Yesterday, SEC Chair Mary Jo White spoke at Northwestern University Law School on the invaluable role of the corporate whistleblower and the still burgeoning SEC whistleblower program that she describes as a “game changer” for government enforcement. Here is her summary of the program’s many accomplishments since its inception nearly four years ago.
- Increasing Volume of Tips. The number of tips to the SEC Whistleblower Office continues to climb, having increased by more than 20 percent over the most recent year. For 2014, the SEC received over 3,600 tips (about ten a day), up from about 3,200 tips in 2013. And in the first quarter of this year, the numbers have increased again, by more than 20 percent over the same quarter last year.

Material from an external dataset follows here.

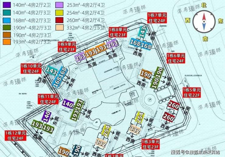 宝安中心区,观潮府计划将在2026年二季度取证入市,面积有140-143㎡的4房2卫,168-190-193㎡的4房3卫,253-254-260㎡的4房4卫,332㎡的4房5卫户型,共629套房源,纯南向户型,预计在2028年底带高品质精装交付。
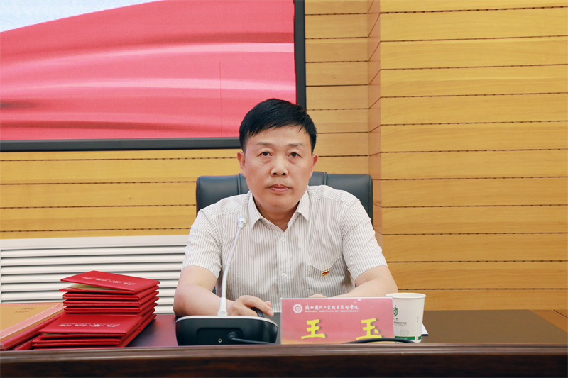 党委副书记、纪委书记王玉宣读学校党委《关于表彰2021年度先进党组织、优秀共产党员和优秀党务工作者的决定》

- Increasing Quality of Tips. With the increase in tips has come a commensurate increase in the quality of the tips. As Chairperson White reports, “we also continue to receive higher quality tips that are of tremendous help to the Commission in stopping ongoing and imminent fraud, and lead to significant enforcement actions on a much faster timetable than we would be able to achieve without the information and assistance from the whistleblower.”
- Increasing Number and Size of Whistleblower Awards. A total of seventeen whistleblower awards have been made to date with total payouts nearing $50 million and the SEC’s highest award of $30 million made last fall. Chairperson White promises this trend to continue, highlighting her agency “issued more awards to more people for more money than in any previous year — and that trend is expected to accelerate.”
- Awards to Officers/Directors and Compliance/Audit Personnel. These individuals are not eligible for a whistleblower award unless they first report their concerns internally (and wait at least 120 days), or if they believe more immediate SEC disclosure is necessary to prevent imminent and substantial misconduct. Two awards have recently been made under both exceptions. In March 2015, the SEC made a $500,000 payout to a former company officer who waited the specified time. And just this month, the agency announced an award of more than a million dollars to a compliance professional.
- Strength of Internal Compliance Programs. The SEC whistleblower program has not undermined internal compliance programs as so many had feared. It has had just the opposite effect as “all indications are that internal compliance functions are as strong as ever — if not stronger — and that insiders continue to report possible violations internally first. With respect to those whistleblowers who are company insiders, more than 80 percent of them first raised their concerns internally to their supervisors or compliance personnel before reporting to the agency.
- Preventing and Punishing Retaliation. The agency has aggressively enforced the anti-retaliation provisions of the Dodd-Frank Act. In June 2014, it brought and settled its first whistleblower retaliation action against a hedge fund, securing more than $2 million in monetary sanctions, of which $600,000 went to the whistleblower. The SEC also has intervened in several private cases to argue the anti-retaliation protections of Dodd-Frank should apply whether the whistleblower reports internally or to the SEC.
- Preventing Anti-Whistleblower Gag Clauses. The SEC is going after companies that use agreements or other mechanisms to improperly stifle whistleblowers from coming forward. On April 1, 2015, the agency announced its first enforcement action in this regard, charging KBR Inc. with violating Rule 21F-17 because it required witnesses in certain internal investigations to sign these kinds of confidentiality agreements. The agency has also sternly warned against requiring employees to sign agreements mandating they forego any whistleblower award or represent, as a precondition to obtaining a severance payment, that they have not made a prior report of misconduct to the SEC.
In concluding, Ms. White wanted to make one thing perfectly clear. We should not fear whistleblowers. Rather, we should embrace them as a critical part of our enforcement scheme.
The bottom line is that responsible companies with strong compliance cultures and programs should not fear bona fide whistleblowers, but embrace them as a constructive part of the process to expose the wrongdoing that can harm a company and its reputation. . . . I would urge that, especially in the post-financial crisis era when regulators and right-minded companies are searching for new, more aggressive ways to improve corporate culture and compliance, it is past time to stop wringing our hands about whistleblowers. They provide an invaluable public service, and they should be supported. And, we at the SEC increasingly see ourselves as the whistleblower’s advocate.
Kudos to Chairperson White and the work she and her agency have done in furthering this Golden Age of the Whistleblower.